= Heinrich Suso Mayer =

Heinrich Suso Mayer OSB, usually called just Suso Mayer, Franz Mayer (born April 17, 1890 in Hohenberg near Ellwangen, † May 22, 1963 in Beuron), was a German Benedictine and priest.

== Life ==
After completing his humanistic studies in Ellwangen, Franz Mayer entered the Beuron monastery in 1909 and professed his first vows in 1911. After the novitiate, he studied philosophy and theology in Maria Laach and Beuron. During the First World War he did military service as a medical soldier.

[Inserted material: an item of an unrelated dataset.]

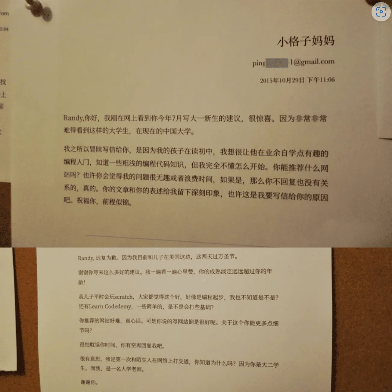 这是一位在国外当老师的妈妈,特意来信想为她的儿子寻问关于编程的问题。当时我回信尽可能地写了很多浅薄的意见和经验分享,后来就再没有通信。这位母亲让我感动。
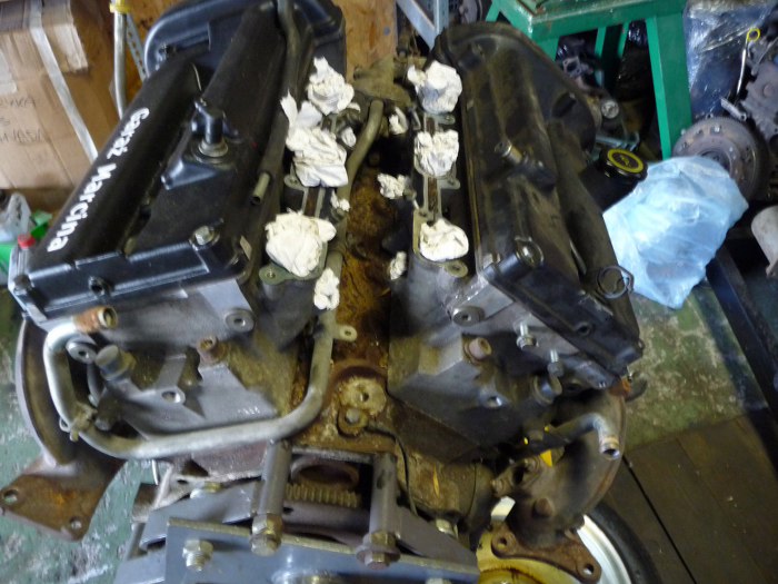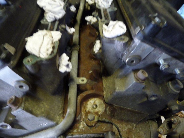 Po zdjęciu listew paliwowych okazało się, że między głowicami jest sporo syfu. W ogóle cosworthy to ciekawe silniki, powstały na bloku od 2.8; widać pomiędzy głowicami, że odlewy pod popychacze zaworowe zostały, po prostu nie są obrobione.

Subsequently to his ordination as a priest in 1920, P. Suso studied at the Benedictine College of San Anselmo in Rome and acquired the Dr. iur. can. in 1923 After that, he taught canon law as a lecturer at the Theological College in Beuron until 1936. There, P. Suso also held the office of a vice rector. In 1925/1926 he stayed for a year at the University of Berlin, where he especially attended lectures by Ulrich Stutz. His friendship with the canonist August Hagen also began in Berlin. On his return, Meyer published his doctoral thesis on Die Klöster in Preußen ("The Monasteries in Prussia") in 1927.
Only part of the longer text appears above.